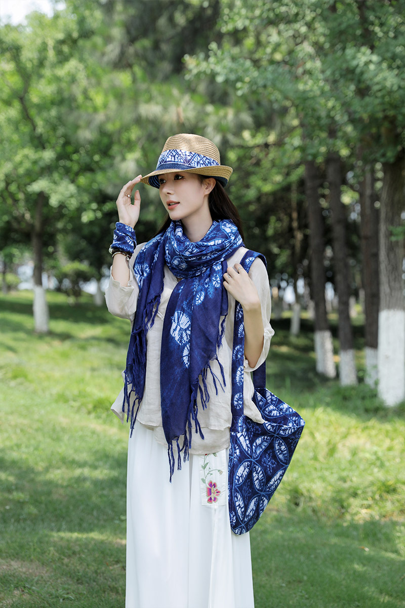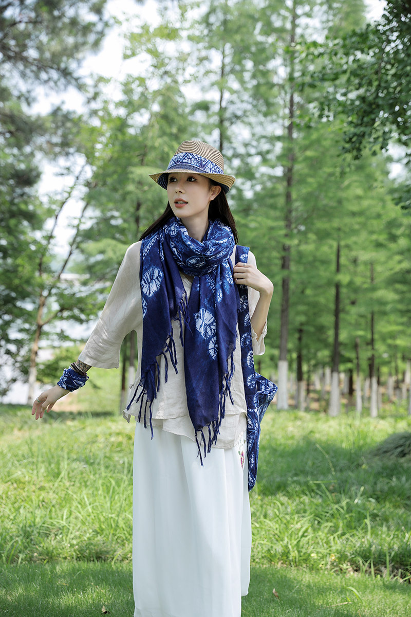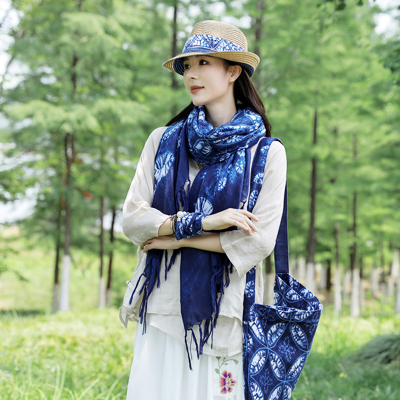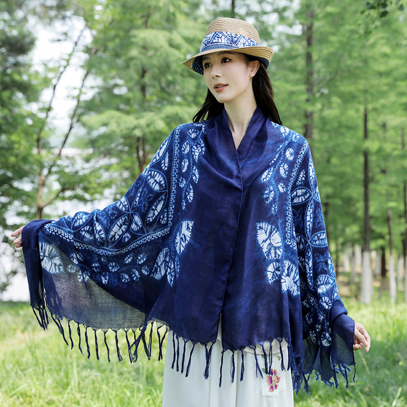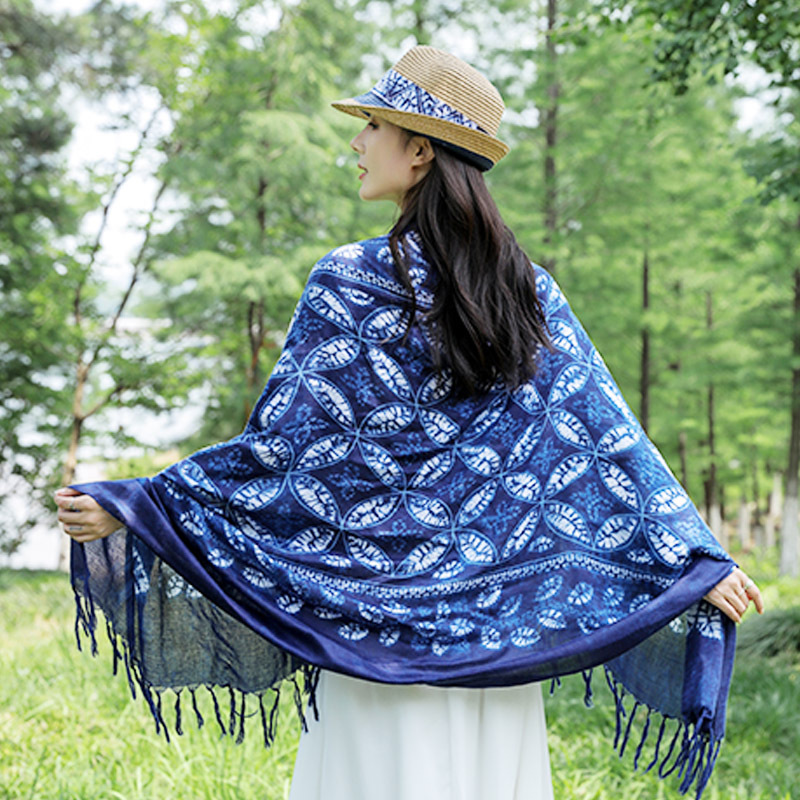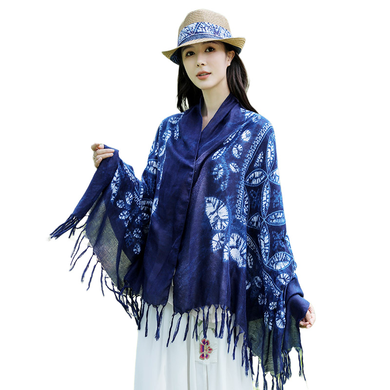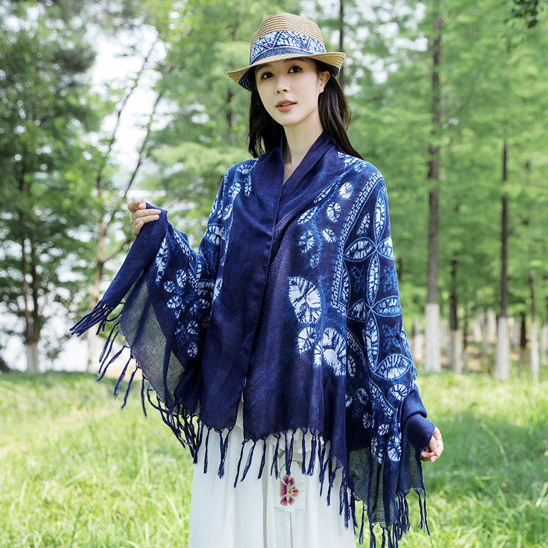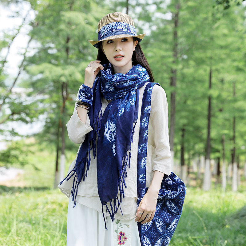 타이 염색 예술적 에스닉 스타일 스카프 윈난 관광 구리 인쇄 스카프 면 및 린넨 스카프 여성용 자외선 차단제 올 매치 숄
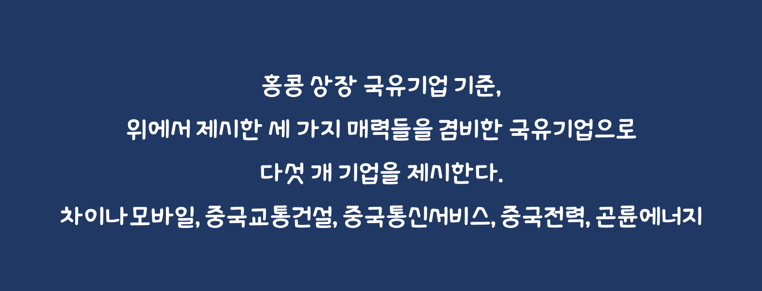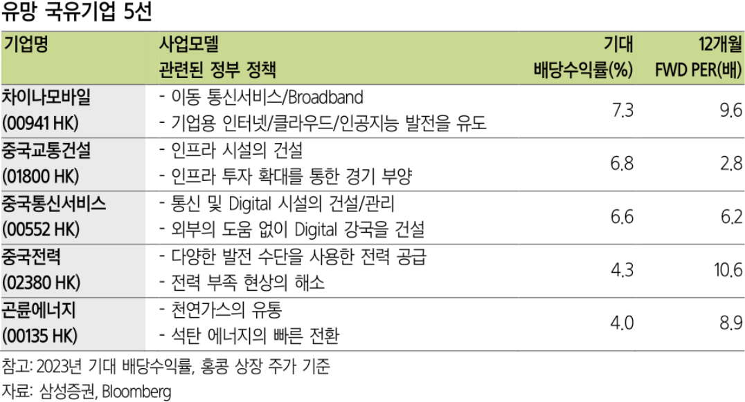 ✅사업모델/배당/Valuation을 고려한 홍콩 상장 국유기업 5選을 제시
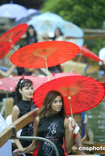 8月31日,參加“時尚杭州之旅”2004年新絲路世界模特大賽的29個國家和地區(qū)的40多名參賽佳麗在浙江省杭州乘木船、撐油紙傘泛舟西湖。世界模特大賽決賽將與9月5日在杭州舉行。中新社記者:盛佳鵬
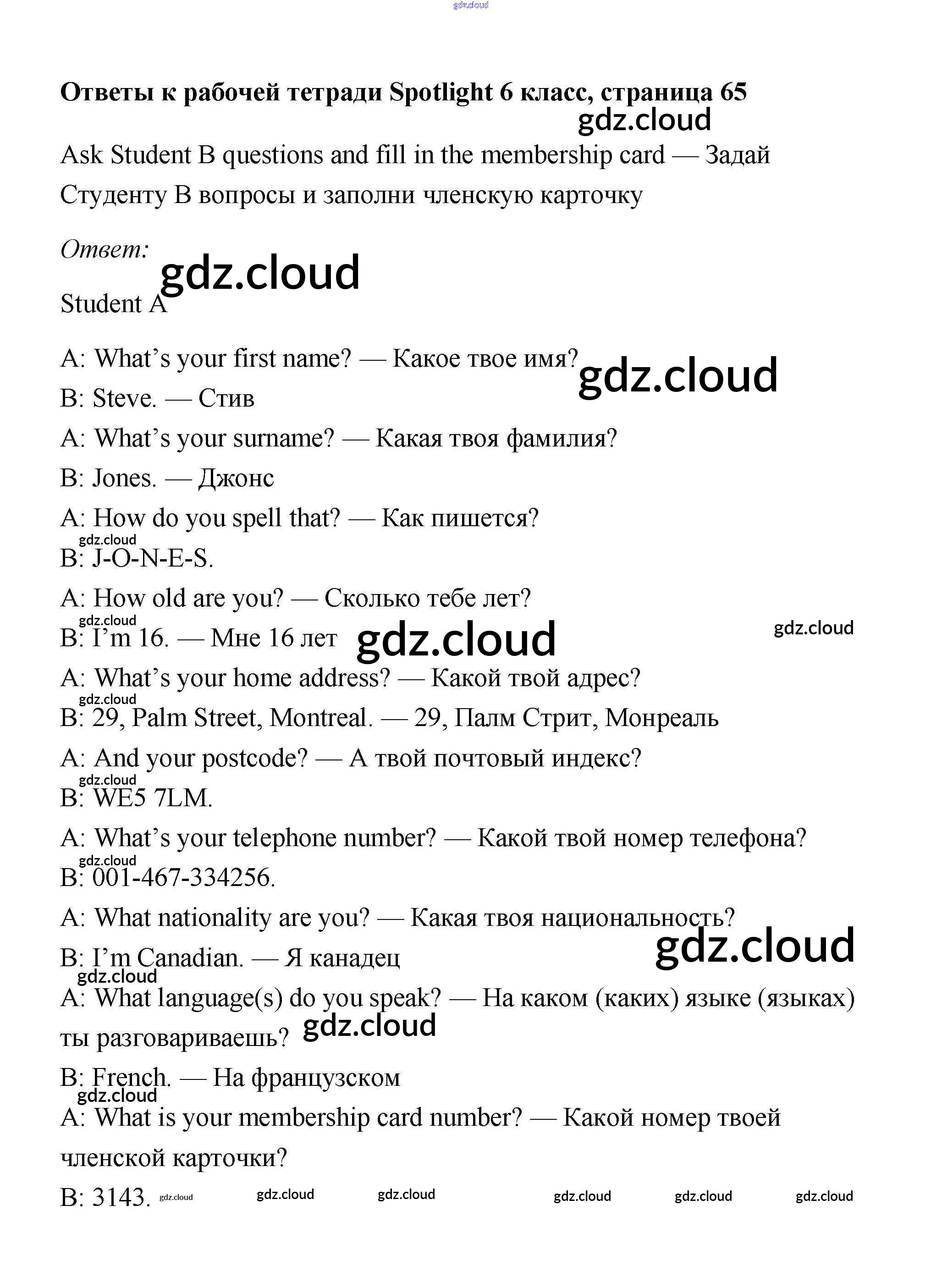 Ответ на задание 65 Рабочая тетрадь Английский язык  за 6 (шестой) класс Эванс, Дули, Подоляко, Ваулина Spotlight  2011
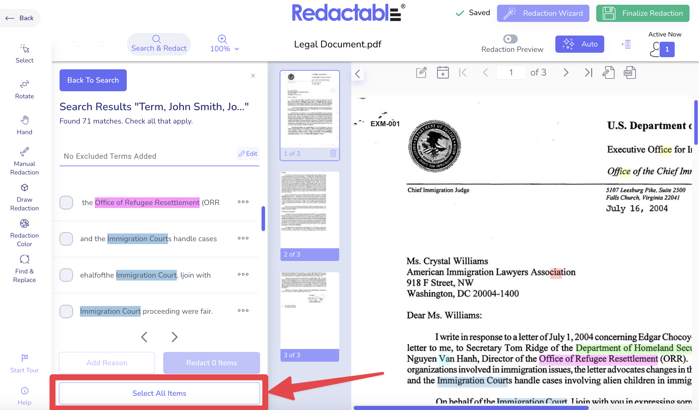 7. To run the redaction using uploaded terms confirm the imported terms appear correctly
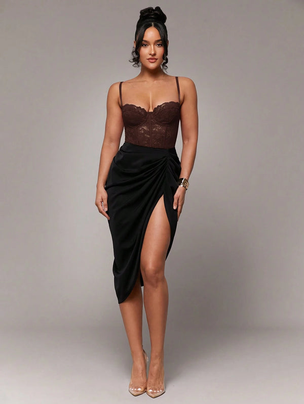 The Vivienne Lace Splice Sheer Bodysuit embodies sensuality refined — a symphony of sheer fabric, delicate lace, and fluid confidence. Designed with a daring backless cut and fine spaghetti straps, it sculpts the silhouette with ease while tracing every curve in soft sophistication. Vivienne is the ultimate expression of allure — equally captivating for intimate evenings or styled boldly as statement wear.
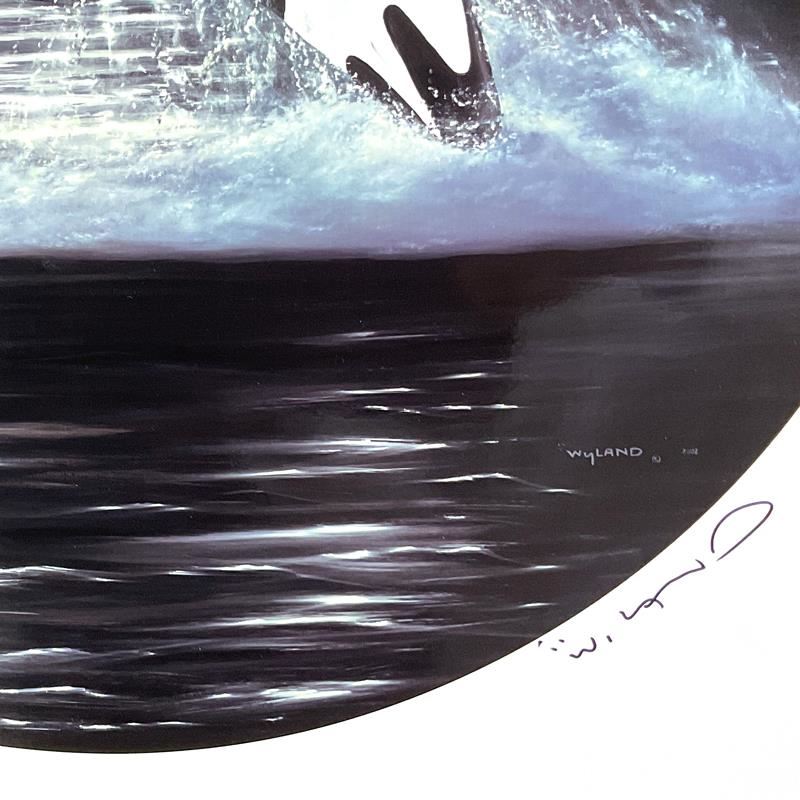 "Orca Moon" is a limited edition mixed media on paper, numbered and hand signed by Wyland. Includes Certificate of Authenticity. Measures approx. 22" x 22" (border), 19" x 19" (image-diameter). ** Please note: there are scuffs on the image that are visible from certain angles. **
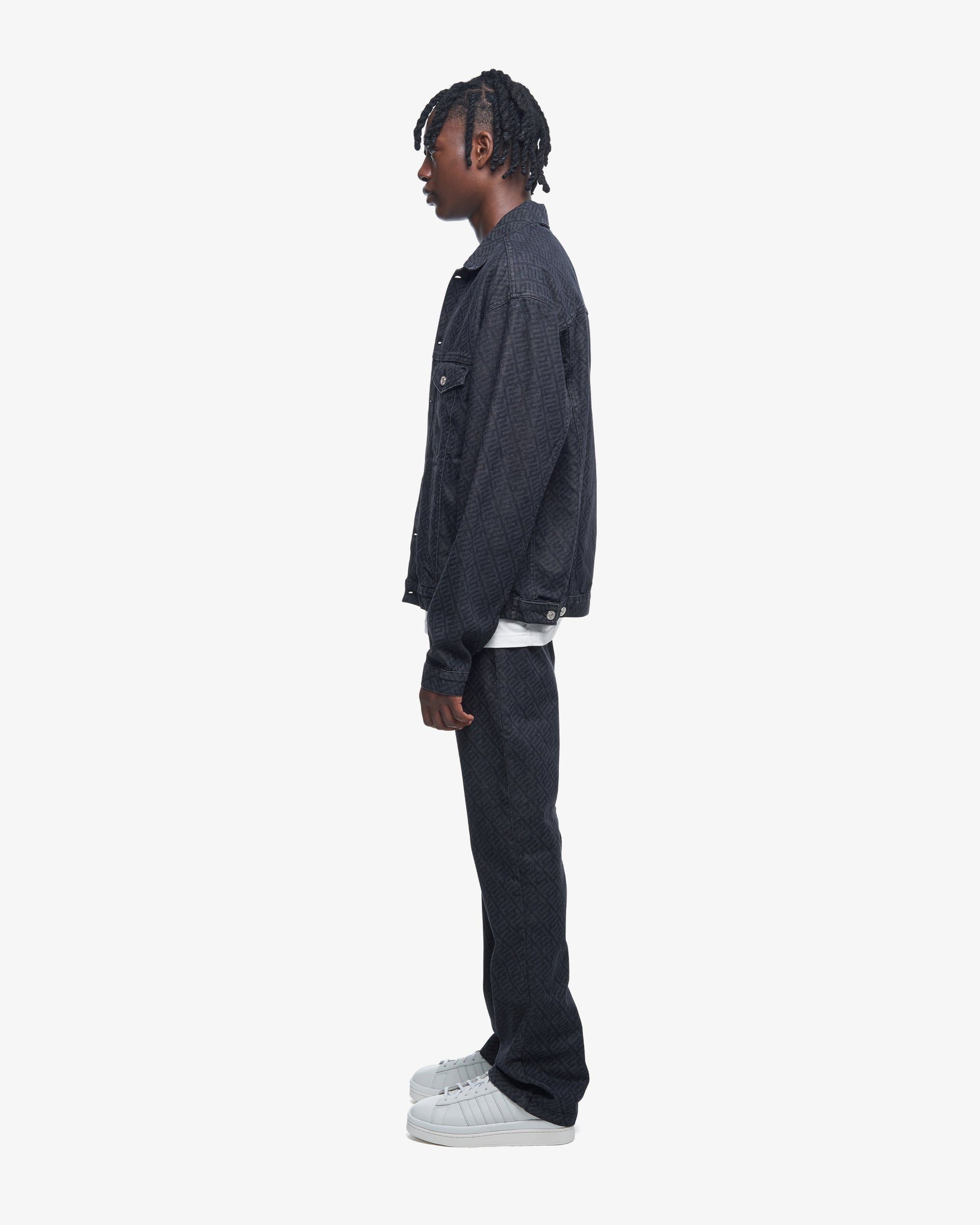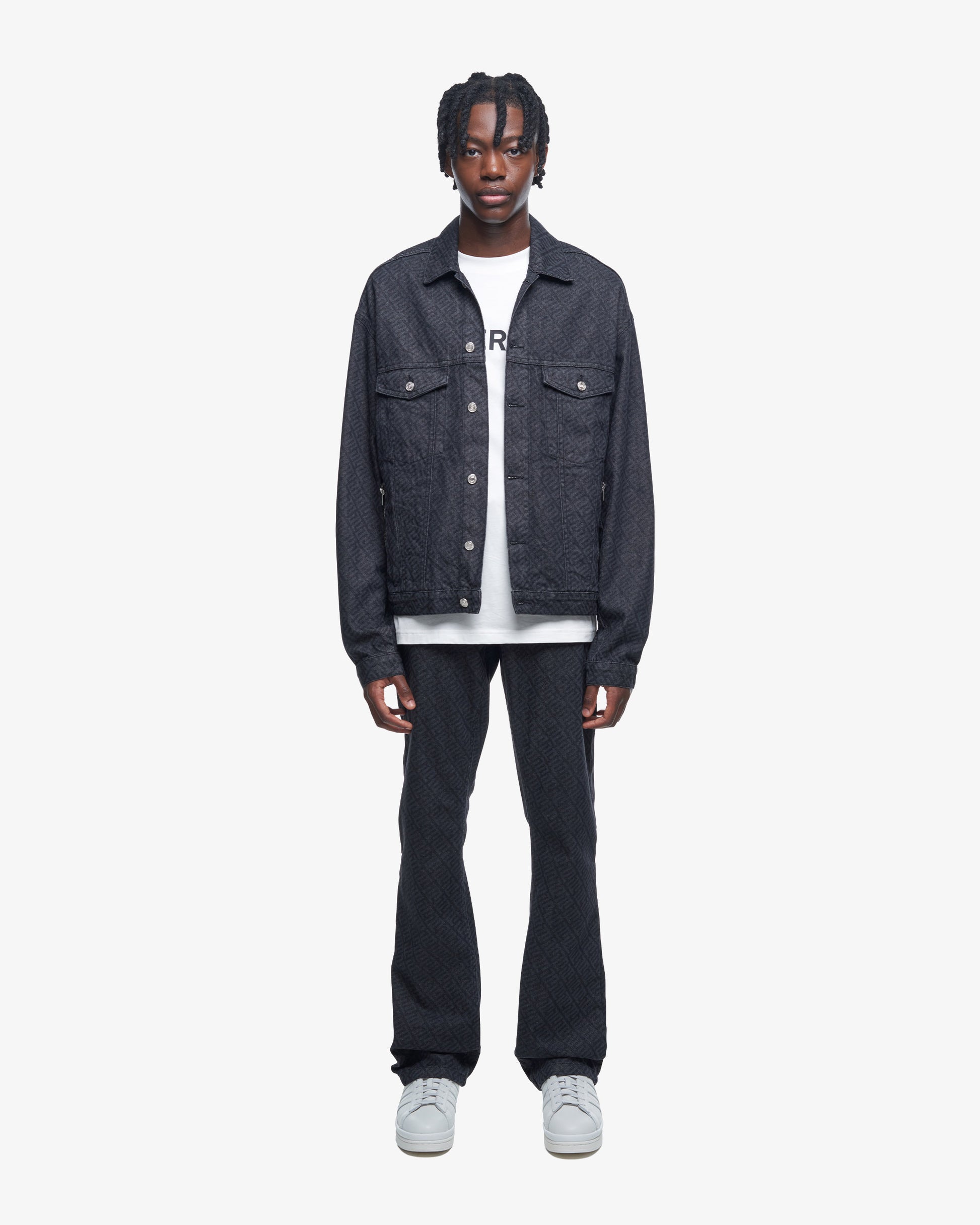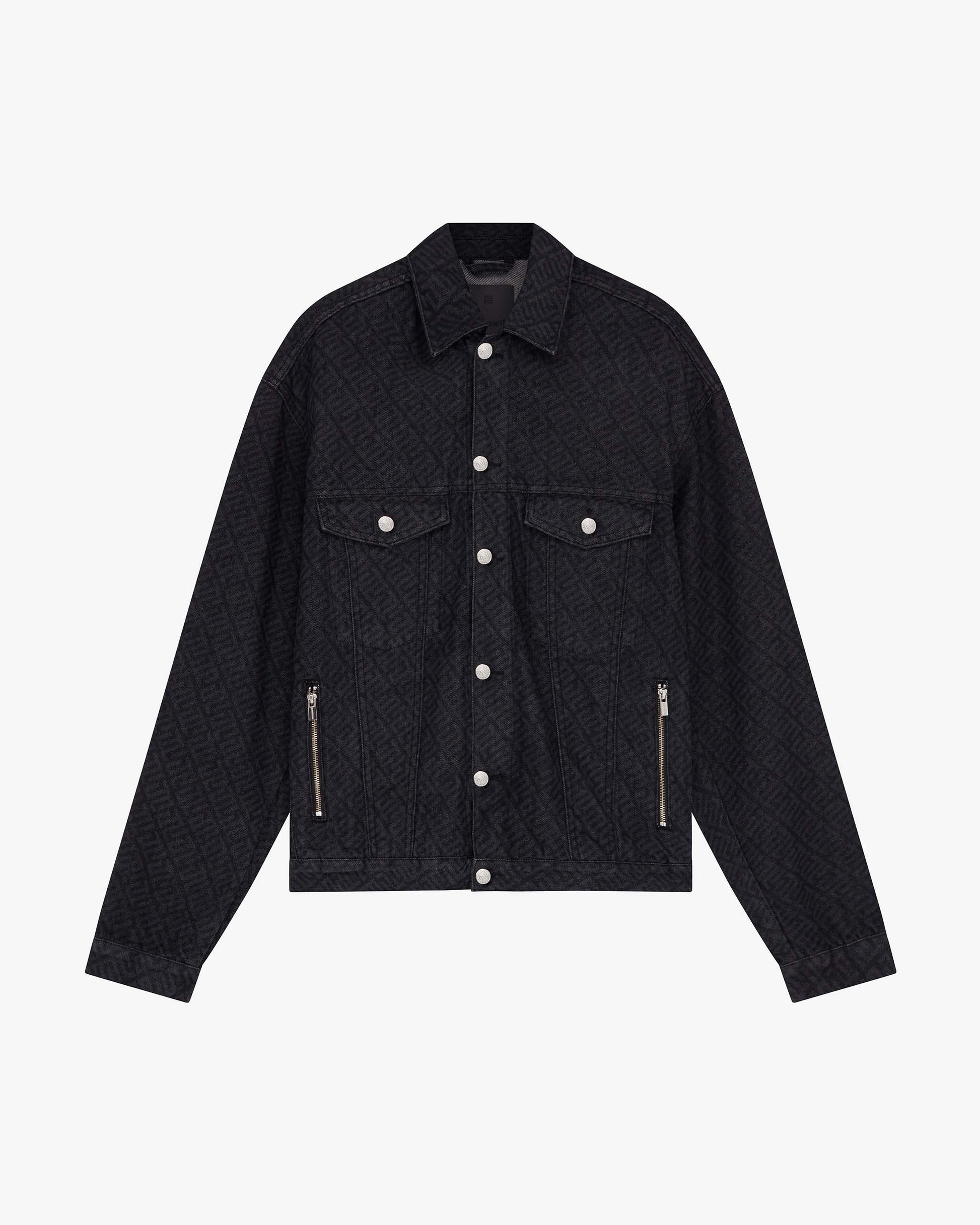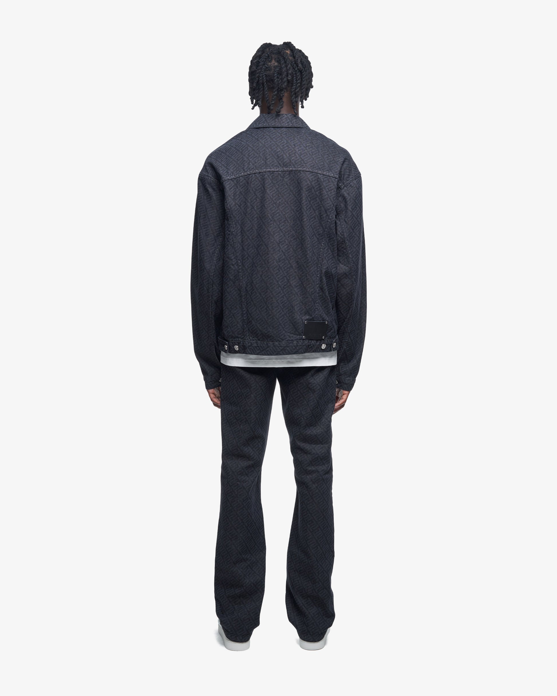 Oversized laser etched monogram denim jacket

= = = = =

WHAT THE TASK ASKS: Omit the pictures. Repeat the rest of the data exactly.

TASK ANSWER:
 타이 염색 예술적 에스닉 스타일 스카프 윈난 관광 구리 인쇄 스카프 면 및 린넨 스카프 여성용 자외선 차단제 올 매치 숄
 ✅사업모델/배당/Valuation을 고려한 홍콩 상장 국유기업 5選을 제시
 8月31日,參加“時尚杭州之旅”2004年新絲路世界模特大賽的29個國家和地區(qū)的40多名參賽佳麗在浙江省杭州乘木船、撐油紙傘泛舟西湖。世界模特大賽決賽將與9月5日在杭州舉行。中新社記者:盛佳鵬
 Ответ на задание 65 Рабочая тетрадь Английский язык  за 6 (шестой) класс Эванс, Дули, Подоляко, Ваулина Spotlight  2011
 7. To run the redaction using uploaded terms confirm the imported terms appear correctly
 The Vivienne Lace Splice Sheer Bodysuit embodies sensuality refined — a symphony of sheer fabric, delicate lace, and fluid confidence. Designed with a daring backless cut and fine spaghetti straps, it sculpts the silhouette with ease while tracing every curve in soft sophistication. Vivienne is the ultimate expression of allure — equally captivating for intimate evenings or styled boldly as statement wear.
 "Orca Moon" is a limited edition mixed media on paper, numbered and hand signed by Wyland. Includes Certificate of Authenticity. Measures approx. 22" x 22" (border), 19" x 19" (image-diameter). ** Please note: there are scuffs on the image that are visible from certain angles. **
 Oversized laser etched monogram denim jacket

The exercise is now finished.